"""

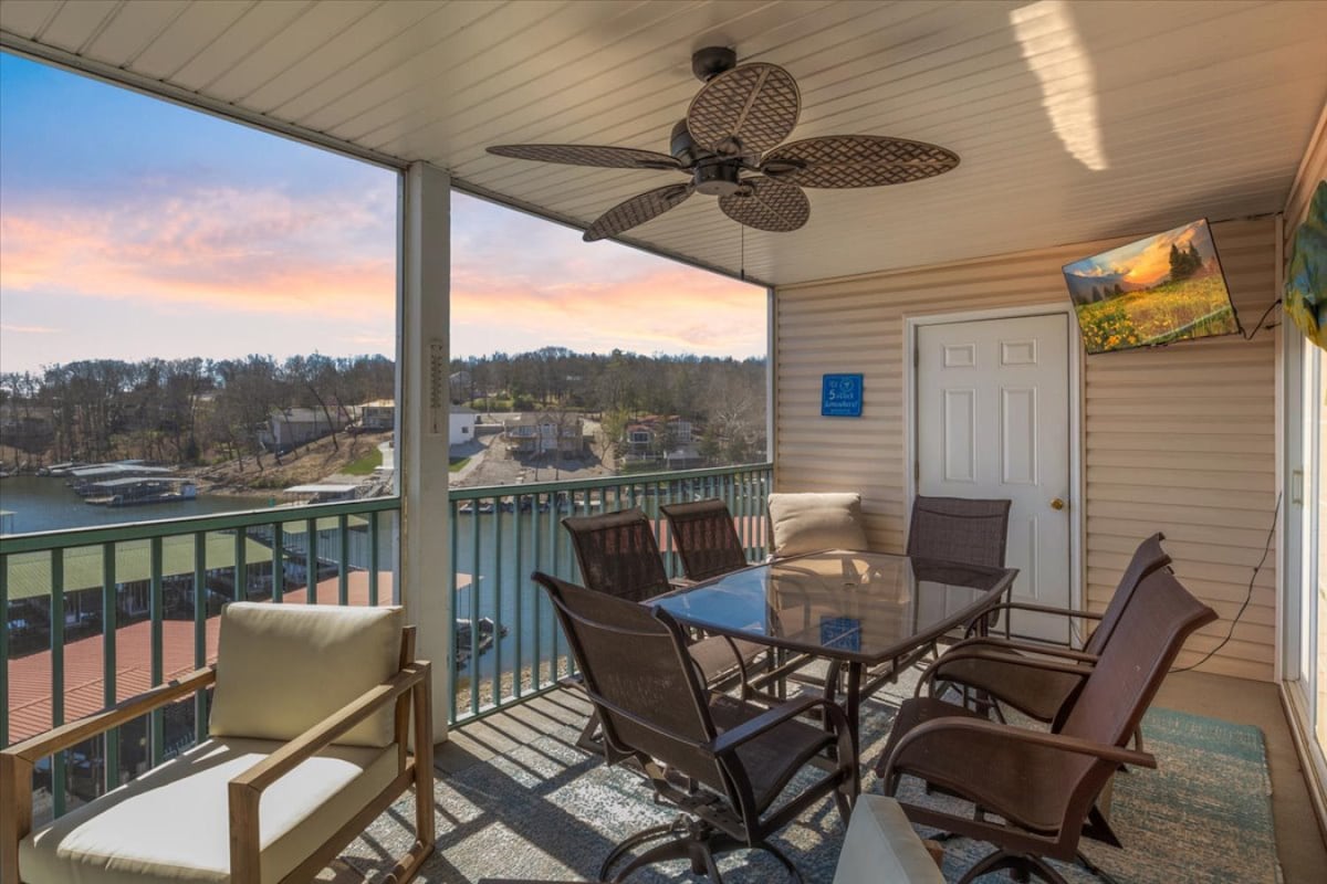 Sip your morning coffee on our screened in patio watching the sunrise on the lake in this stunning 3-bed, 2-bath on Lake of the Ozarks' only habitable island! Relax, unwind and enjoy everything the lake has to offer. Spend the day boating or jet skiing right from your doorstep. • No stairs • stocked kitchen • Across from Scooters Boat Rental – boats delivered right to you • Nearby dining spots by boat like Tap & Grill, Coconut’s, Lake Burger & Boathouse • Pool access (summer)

"""
"""

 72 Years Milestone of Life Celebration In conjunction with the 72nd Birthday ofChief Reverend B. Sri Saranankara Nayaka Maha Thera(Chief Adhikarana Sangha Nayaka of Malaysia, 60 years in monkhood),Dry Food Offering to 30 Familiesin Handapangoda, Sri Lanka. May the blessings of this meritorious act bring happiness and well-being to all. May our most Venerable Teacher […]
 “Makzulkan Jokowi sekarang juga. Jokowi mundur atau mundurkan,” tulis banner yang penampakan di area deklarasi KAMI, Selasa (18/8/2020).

"""
"""

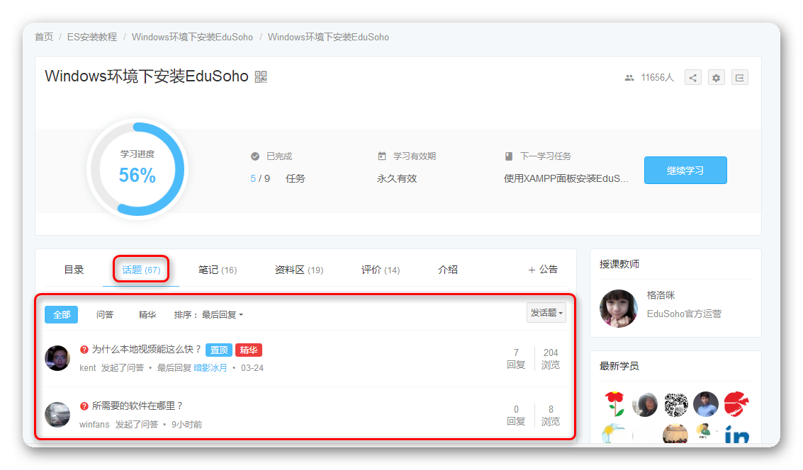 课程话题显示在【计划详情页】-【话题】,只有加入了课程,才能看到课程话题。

"""

EXERCISE » Proceeding from the line containing "72 Years Milestone" through the line containing "KAMI, Selasa (18/8/2020).", transcribe the lines above exactly, both end lines included.

YOUR RESPONSE »
 72 Years Milestone of Life Celebration In conjunction with the 72nd Birthday ofChief Reverend B. Sri Saranankara Nayaka Maha Thera(Chief Adhikarana Sangha Nayaka of Malaysia, 60 years in monkhood),Dry Food Offering to 30 Familiesin Handapangoda, Sri Lanka. May the blessings of this meritorious act bring happiness and well-being to all. May our most Venerable Teacher […]
 “Makzulkan Jokowi sekarang juga. Jokowi mundur atau mundurkan,” tulis banner yang penampakan di area deklarasi KAMI, Selasa (18/8/2020).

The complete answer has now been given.